Новая культура принимает человека таким, каков
он есть. Это моя боль, мой гнев, это часть моего
мира, я не хочу от них отрекаться, как не хочу
отрекаться от себя самого. Я имею на это право,
потому что я живой человек. И другие имеют такое
же право.
– Право на что? На разрушение и насилие?
– На насилие, на агрессию в принципе способен
человек и старой, и новой эпохи. Я говорю о другом
– о том, насколько он в состоянии признать в себе
эту способность.
“Лицемерие есть дань порока добродетели” –
Ларошфуко прав, это тоже способ регулировать
поведение человека, способ испытанный и
доказавший свою эффективность. И все же человек,
уверивший себя, что он вообще не способен на
ненависть, не может адекватно себя воспринимать,
а значит – и от других не будет получать
адекватные реакции, лишится полноценной
обратной связи.
Фрейд открыл множество отрицательных эмоций,
связанных с табу, которое общество накладывало
на либидо, на сексуальные влечения, особенно для
женщин. И связал с этим разного рода истерии,
имевшие вполне определенные симптомы. Фрейд
первым и начал их лечить, успешно освобождая
сознание своих пациентов. Но как только мы
вступили в общество, которое сняло многие такие
табу, разрешило женщине испытывать влечение,
признало ее право на это, признало в ней
равноправного сексуального партнера,
классические истерии просто исчезли. Их теперь
нет, что зафиксировано во всех учебниках
психиатрии.
Конечно, женщины и ведут теперь себя по-другому, и
трудно сказать, человечество больше выиграло или
проиграло. Но я не берусь оценивать и судить
глубокие процессы, меняющие культуру, я чувствую
мощные сдвиги, и я принимаю их и пытаюсь понять,
“не плача и не смеясь”.
Вся сфера чувств, ощущений, сенсорного
восприятия жизни – кожей, движением,
прикосновением – приобретает особое значение,
которого она была лишена в рациональной картине
мира. Вот в этом я вижу наступление новой эры.
Я думаю, эволюция психического мира человека
продолжается. В древности, да и в средние века
тонкая пленка “рацио” была еще тоньше, а во
многом вообще не сформирована, зато чувственное
восприятие в мифологизированном сознании играло
огромную роль.
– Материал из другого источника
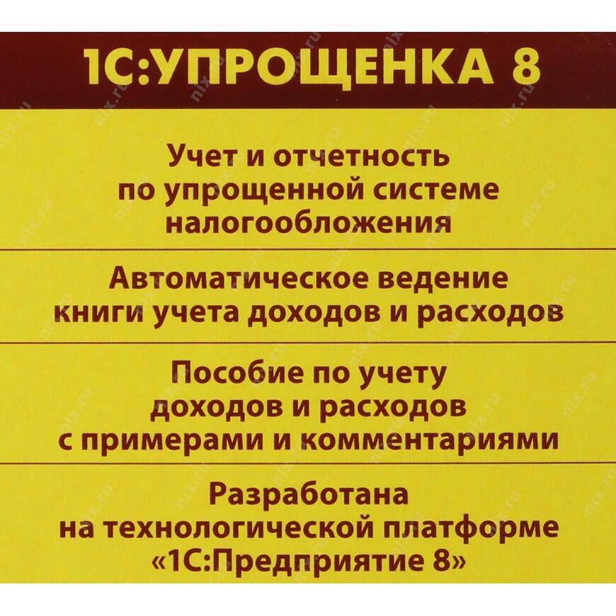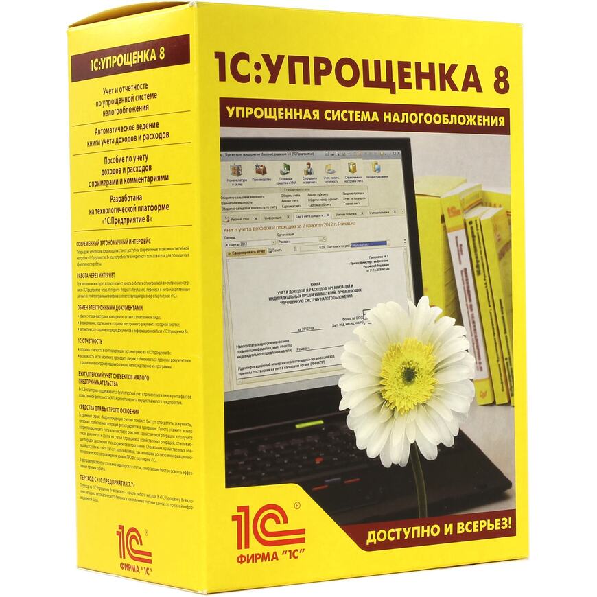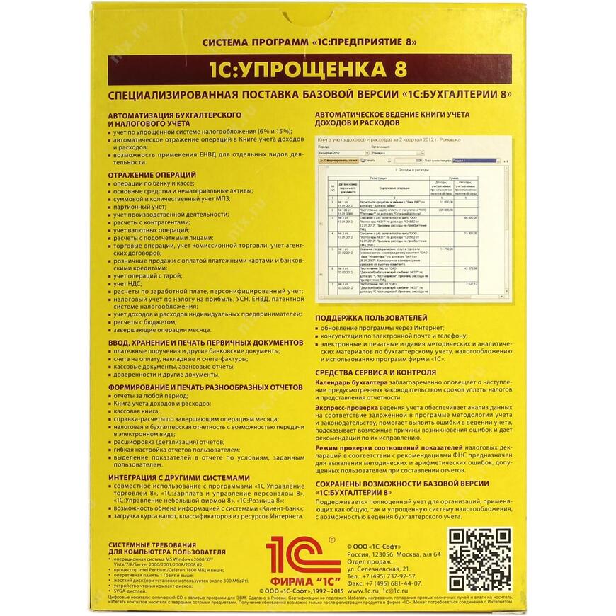 | Совместимость | В "1С:Упрощенке 8" предусмотрена возможность совместного использования с прикладными решениями "Управление торговлей" и "Зарплата и Управление Персоналом", "1С:Управление небольшой фирмой", также созданными на платформе "1С:Предприятие 8" |

Сейчас мы возвращаемся к себе, к
человеку не только мыслящему, но и чувствующему
– через столетия царства “рацио” и здравого
смысла.
Этот новый виток эволюции – постепенный, но
неуклонный сдвиг от нормативного внешнего
регулирования к внутреннему, как бы идущему
изнутри. На самом деле человеку вполне
достаточно двух-трех заповедей, чтобы выстроить
себя во благо себе и ближним.
– Прежде не хватало и десяти... А что заставит
нынешнего раскрепощенного подростка опять себя
закрепостить двумя-тремя заповедями?
– Любовь. Человек, который принял себя таким,
каков он есть, который сам себя любит, не может
нести разрушение, зло другим. Вслушайтесь:
рок-культура полна любви, и подростки
проникаются ею, еще не зная, что это любовь, не
умея любить. Посмотрите, как они тянутся друг к
другу. И когда в зале под песню гнева, которую
исполняет их лидер, они все вскакивают,
двигаются, выбрасывают вверх руки, дают выход
своей эмоции, обретшей символическое выражение,
приобретшей форму, эстетику, – они счастливы тем,
что нет больше необходимости подавлять в себе
тот же гнев, что эмоция как бы легитимизирована в
этом общем действе и можно не стыдиться себя.
– Это насыщенное эмоциями единение напоминает
мне знаменитые факельные шествия немецких ночей,
коллективное пение, вся площадь покачивается в
такт, главное – мы вместе, и никаких мыслей –
“рацио” скомпрометировано...
– Единство в фашизме было единством своих против
остальных – недочеловеков, предназначенных для
рабства и уничтожения. Это знак внутреннего
раскола, если хотите, страха перед собой. Когда
человек не занят изнурительной борьбой с собой,
подавлением эмоций, когда он любит себя даже на
кожно-мышечном уровне, бессознательно, он всегда
сможет на этом же уровне подстроиться к другому,
принять другого как себя, войти в его чувства. И
никогда не воспользуется этим во зло, как не
принесет зла и себе.
Этика – это свод рациональных правил, как вести
себя человеку, будто он всех любит, даже если он
на самом деле не любит никого. Этика нужна, когда
нет любви. “Не укради” – подави в себе желание
взять чужое. А если подобного желания нет и в
помине? Если есть желание отдать, поделиться – не
вещами даже, а собой?
Но внутренним ощущениям нужны язык, символика,
форма, чтобы выйти из внутреннего мира в
пространство смысла. Начинается поиск новой
эстетики. Это попытка заполнить разрыв между
“рацио” и миром эмоций, точнее – восстановить
их связь. По этому пути двинулась и психотерапия:
искать выход в сознание через ощущение. Люди
ходят по кругу и прислушиваются к себе – как
босой ногой они ощущают пол, с закрытыми глазами
воспринимают слабые токи от идущего рядом, они
вслушиваются в мышечную пластику своего тела,
вступают в контакт с ним. Когда приходит гармония
тела и мыслей, человек меняется. Это состояние
психологического подъема, интереса к себе, к
своим необычным ощущениям.
Есть еще один пласт, более глубинный, чем эмоции.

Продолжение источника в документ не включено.